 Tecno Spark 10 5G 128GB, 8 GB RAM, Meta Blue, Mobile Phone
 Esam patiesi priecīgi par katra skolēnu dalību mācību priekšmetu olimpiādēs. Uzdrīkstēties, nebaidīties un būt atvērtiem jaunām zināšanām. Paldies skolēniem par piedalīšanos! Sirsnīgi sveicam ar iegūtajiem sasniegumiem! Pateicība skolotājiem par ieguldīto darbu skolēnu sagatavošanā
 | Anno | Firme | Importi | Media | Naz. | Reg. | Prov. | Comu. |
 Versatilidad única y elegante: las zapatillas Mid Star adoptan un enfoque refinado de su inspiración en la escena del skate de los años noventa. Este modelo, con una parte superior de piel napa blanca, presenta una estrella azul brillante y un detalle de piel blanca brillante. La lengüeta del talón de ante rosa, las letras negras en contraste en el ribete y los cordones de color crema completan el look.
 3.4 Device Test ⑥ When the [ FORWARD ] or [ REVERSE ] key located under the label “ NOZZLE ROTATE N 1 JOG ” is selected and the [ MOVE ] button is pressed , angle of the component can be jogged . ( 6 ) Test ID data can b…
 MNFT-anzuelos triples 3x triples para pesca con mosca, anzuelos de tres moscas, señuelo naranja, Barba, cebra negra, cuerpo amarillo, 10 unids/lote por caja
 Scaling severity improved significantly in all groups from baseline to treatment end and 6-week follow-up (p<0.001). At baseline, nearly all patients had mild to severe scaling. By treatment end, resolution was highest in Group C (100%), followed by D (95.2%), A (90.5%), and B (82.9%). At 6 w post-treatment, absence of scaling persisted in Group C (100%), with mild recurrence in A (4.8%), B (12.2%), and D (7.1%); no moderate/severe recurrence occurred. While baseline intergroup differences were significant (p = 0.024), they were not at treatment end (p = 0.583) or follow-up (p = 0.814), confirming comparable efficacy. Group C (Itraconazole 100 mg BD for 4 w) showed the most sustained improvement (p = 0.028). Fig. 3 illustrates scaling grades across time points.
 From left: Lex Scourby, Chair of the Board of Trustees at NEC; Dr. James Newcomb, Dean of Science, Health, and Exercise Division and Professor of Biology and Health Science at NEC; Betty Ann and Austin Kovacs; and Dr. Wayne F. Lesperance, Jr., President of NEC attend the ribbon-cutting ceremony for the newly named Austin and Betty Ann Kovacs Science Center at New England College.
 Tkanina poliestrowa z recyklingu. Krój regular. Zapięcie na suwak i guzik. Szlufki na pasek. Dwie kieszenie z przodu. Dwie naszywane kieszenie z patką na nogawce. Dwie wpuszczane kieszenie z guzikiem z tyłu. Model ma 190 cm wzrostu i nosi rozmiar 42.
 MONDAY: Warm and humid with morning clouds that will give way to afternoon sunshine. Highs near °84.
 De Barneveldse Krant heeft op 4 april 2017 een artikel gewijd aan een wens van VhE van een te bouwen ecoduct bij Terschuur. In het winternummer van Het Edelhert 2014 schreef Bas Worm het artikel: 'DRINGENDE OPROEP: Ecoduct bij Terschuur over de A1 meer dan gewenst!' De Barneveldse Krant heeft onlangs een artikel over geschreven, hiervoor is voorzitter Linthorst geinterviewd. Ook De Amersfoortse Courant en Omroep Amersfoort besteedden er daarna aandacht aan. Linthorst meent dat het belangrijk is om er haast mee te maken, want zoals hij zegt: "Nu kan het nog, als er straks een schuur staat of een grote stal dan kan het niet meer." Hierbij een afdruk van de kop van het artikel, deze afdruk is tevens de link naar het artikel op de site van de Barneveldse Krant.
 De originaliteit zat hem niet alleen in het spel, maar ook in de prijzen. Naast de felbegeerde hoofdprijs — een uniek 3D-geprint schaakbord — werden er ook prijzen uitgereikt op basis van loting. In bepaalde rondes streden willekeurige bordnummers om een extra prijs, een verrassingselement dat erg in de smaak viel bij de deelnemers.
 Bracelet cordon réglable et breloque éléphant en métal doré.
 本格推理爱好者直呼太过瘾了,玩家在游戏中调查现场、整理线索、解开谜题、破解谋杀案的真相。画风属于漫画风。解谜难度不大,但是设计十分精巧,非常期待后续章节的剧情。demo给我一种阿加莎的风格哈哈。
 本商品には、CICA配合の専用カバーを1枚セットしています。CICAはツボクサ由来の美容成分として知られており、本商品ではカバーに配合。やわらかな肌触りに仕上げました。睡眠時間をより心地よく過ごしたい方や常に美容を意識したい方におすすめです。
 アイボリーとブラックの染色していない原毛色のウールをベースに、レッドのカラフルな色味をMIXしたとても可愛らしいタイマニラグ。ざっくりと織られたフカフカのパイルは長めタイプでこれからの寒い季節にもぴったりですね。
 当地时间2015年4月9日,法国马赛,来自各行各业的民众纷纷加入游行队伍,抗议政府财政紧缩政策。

_Work required_: The records above should be set down again word for word.

_Answer space_:
 Tecno Spark 10 5G 128GB, 8 GB RAM, Meta Blue, Mobile Phone
 Esam patiesi priecīgi par katra skolēnu dalību mācību priekšmetu olimpiādēs. Uzdrīkstēties, nebaidīties un būt atvērtiem jaunām zināšanām. Paldies skolēniem par piedalīšanos! Sirsnīgi sveicam ar iegūtajiem sasniegumiem! Pateicība skolotājiem par ieguldīto darbu skolēnu sagatavošanā
 | Anno | Firme | Importi | Media | Naz. | Reg. | Prov. | Comu. |
 Versatilidad única y elegante: las zapatillas Mid Star adoptan un enfoque refinado de su inspiración en la escena del skate de los años noventa. Este modelo, con una parte superior de piel napa blanca, presenta una estrella azul brillante y un detalle de piel blanca brillante. La lengüeta del talón de ante rosa, las letras negras en contraste en el ribete y los cordones de color crema completan el look.
 3.4 Device Test ⑥ When the [ FORWARD ] or [ REVERSE ] key located under the label “ NOZZLE ROTATE N 1 JOG ” is selected and the [ MOVE ] button is pressed , angle of the component can be jogged . ( 6 ) Test ID data can b…
 MNFT-anzuelos triples 3x triples para pesca con mosca, anzuelos de tres moscas, señuelo naranja, Barba, cebra negra, cuerpo amarillo, 10 unids/lote por caja
 Scaling severity improved significantly in all groups from baseline to treatment end and 6-week follow-up (p<0.001). At baseline, nearly all patients had mild to severe scaling. By treatment end, resolution was highest in Group C (100%), followed by D (95.2%), A (90.5%), and B (82.9%). At 6 w post-treatment, absence of scaling persisted in Group C (100%), with mild recurrence in A (4.8%), B (12.2%), and D (7.1%); no moderate/severe recurrence occurred. While baseline intergroup differences were significant (p = 0.024), they were not at treatment end (p = 0.583) or follow-up (p = 0.814), confirming comparable efficacy. Group C (Itraconazole 100 mg BD for 4 w) showed the most sustained improvement (p = 0.028). Fig. 3 illustrates scaling grades across time points.
 From left: Lex Scourby, Chair of the Board of Trustees at NEC; Dr. James Newcomb, Dean of Science, Health, and Exercise Division and Professor of Biology and Health Science at NEC; Betty Ann and Austin Kovacs; and Dr. Wayne F. Lesperance, Jr., President of NEC attend the ribbon-cutting ceremony for the newly named Austin and Betty Ann Kovacs Science Center at New England College.
 Tkanina poliestrowa z recyklingu. Krój regular. Zapięcie na suwak i guzik. Szlufki na pasek. Dwie kieszenie z przodu. Dwie naszywane kieszenie z patką na nogawce. Dwie wpuszczane kieszenie z guzikiem z tyłu. Model ma 190 cm wzrostu i nosi rozmiar 42.
 MONDAY: Warm and humid with morning clouds that will give way to afternoon sunshine. Highs near °84.
 De Barneveldse Krant heeft op 4 april 2017 een artikel gewijd aan een wens van VhE van een te bouwen ecoduct bij Terschuur. In het winternummer van Het Edelhert 2014 schreef Bas Worm het artikel: 'DRINGENDE OPROEP: Ecoduct bij Terschuur over de A1 meer dan gewenst!' De Barneveldse Krant heeft onlangs een artikel over geschreven, hiervoor is voorzitter Linthorst geinterviewd. Ook De Amersfoortse Courant en Omroep Amersfoort besteedden er daarna aandacht aan. Linthorst meent dat het belangrijk is om er haast mee te maken, want zoals hij zegt: "Nu kan het nog, als er straks een schuur staat of een grote stal dan kan het niet meer." Hierbij een afdruk van de kop van het artikel, deze afdruk is tevens de link naar het artikel op de site van de Barneveldse Krant.
 De originaliteit zat hem niet alleen in het spel, maar ook in de prijzen. Naast de felbegeerde hoofdprijs — een uniek 3D-geprint schaakbord — werden er ook prijzen uitgereikt op basis van loting. In bepaalde rondes streden willekeurige bordnummers om een extra prijs, een verrassingselement dat erg in de smaak viel bij de deelnemers.
 Bracelet cordon réglable et breloque éléphant en métal doré.
 本格推理爱好者直呼太过瘾了,玩家在游戏中调查现场、整理线索、解开谜题、破解谋杀案的真相。画风属于漫画风。解谜难度不大,但是设计十分精巧,非常期待后续章节的剧情。demo给我一种阿加莎的风格哈哈。
 本商品には、CICA配合の専用カバーを1枚セットしています。CICAはツボクサ由来の美容成分として知られており、本商品ではカバーに配合。やわらかな肌触りに仕上げました。睡眠時間をより心地よく過ごしたい方や常に美容を意識したい方におすすめです。
 アイボリーとブラックの染色していない原毛色のウールをベースに、レッドのカラフルな色味をMIXしたとても可愛らしいタイマニラグ。ざっくりと織られたフカフカのパイルは長めタイプでこれからの寒い季節にもぴったりですね。
 当地时间2015年4月9日,法国马赛,来自各行各业的民众纷纷加入游行队伍,抗议政府财政紧缩政策。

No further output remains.